I was initially concerned that this would be a case of “too slow, gave up”, because it starts off looking like one of those “tone poem” things.  A grizzled old-timer roams what looks like a forest in the Paci­fic Northwest with a small brown pig; it turns out that they’re hunting truffles.  He returns to his rustic cabin and carefully prepares a mushroom tart to share with the pig.  We see a bit of his solitary evening routine.  Then we see how he earns his living, as a yuppie in a yellow Camaro drives out to buy whatever truffles didn’t end up in the tart.  A meditative pastoral…
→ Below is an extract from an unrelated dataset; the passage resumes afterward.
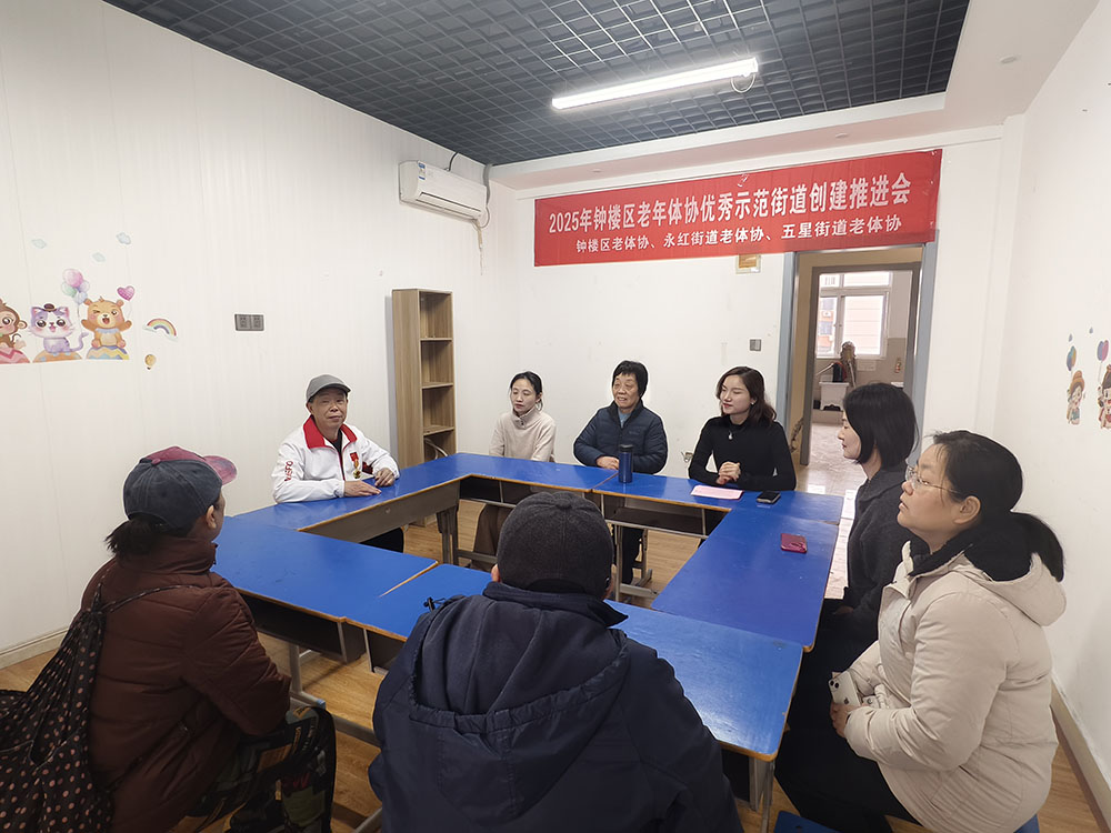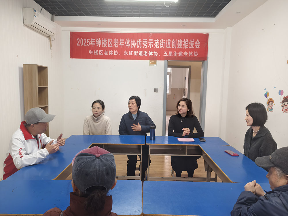 为进一步推动钟楼区老年人体育事业的蓬勃发展,提升街道老年体协工作水平,打造更多优秀示范街道,2025年3月11日,钟楼区老年体协优秀示范街道创建推进会在永红街道文体中心顺利召开。钟楼区老年体协相关领导、五星、永红街道老年体协负责人及工作人员齐聚一堂,共同谋划老年体育工作的新发展。 会上,钟楼区老年体协副主席张荷芳强调了创建优秀示范街道对于提升老年人生活质量、促进社会和谐的重要意义,并对2025年的创建工作提出了明确要求和目标。

…until ten minutes in, when his pig is stolen in a brutal home invasion that turns the side of his face into a mass of gore.  De­termined to get his pig back, his quest takes him into the city, which turns out to be Portland, Oregon, where I spent a signifi­cant chunk of 2021⁠–⁠2023.  But here’s the central gimmick of the movie: this is a version of Portland whose underworld revolves not around the traffic in cocaine and heroin but that in truffles and caviar.  Cooking skill is treated like martial arts prowess, and our stoic protagonist, who turns out to have been a top chef back around the turn of the millennium before withdrawing from public life, is treated by everyone in Portland as a figure out of legend.  (They’re so starstruck that few of them even comment on the fact that at the moment he looks like a corpse just plucked off a medieval battlefield.)  And this is all played straight.  To the extent that Pig is funny, it is funny because it is playing the premise straight.  It is a melancholy, philosophical arthouse film about a blood-caked samurai chef venturing into the underworld of fight clubs and the opulent mansions of gourmet ingredient dealers in relentless pursuit of his missing pig.

We eventually learn that the protagonist’s fixation on recovering his pig is a straightforward case of displacement, as it turns out that he is a widower whose withdrawal from society was clearly prompted by his wife’s death at age thirty-nine.  He says flat out that he doesn’t need the pig to maintain his livelihood⁠—he can find truffles better than the pig can, through careful observation of the surrounding trees⁠—but it is gradually made very clear that this guy’s frantic attempt to recover his lost pig is a way to work through the loss of his beloved.  Back in my days as a classroom teacher, my AP Literature units were each focused on one school of liter­ary theory, and when we got to psychoanalytic criticism, I had my students do presentations on its basic components.  Watching them click through their slideshows on century-old theories of psychosexual development and the interpretation of dreams, I did wonder whether I should ditch or rework the unit.  So much of psychoanalytic criticism was based on the work of Sigmund Freud, which Frederick Crews, at one time a big name in psychoanalytic criticism, had more or less exploded in his 2017 book Freud: The Making of an Illusion.  But no⁠—whether or not it has a scientific basis, so much of literature for the past hundred-plus years has been based on psychoanalytic models of human behavior: repression and psychic defense mechanisms, projection, acting on unconscious drives, the need to resolve issues that arose in childhood or were inflicted by later trauma, etc., etc.  Watching Pig, I couldn’t help but hear a refrain that Ellie tells me comes up a lot as she and her colleagues observe the behavior of the children at her preschool: “Stop proving Freud right!”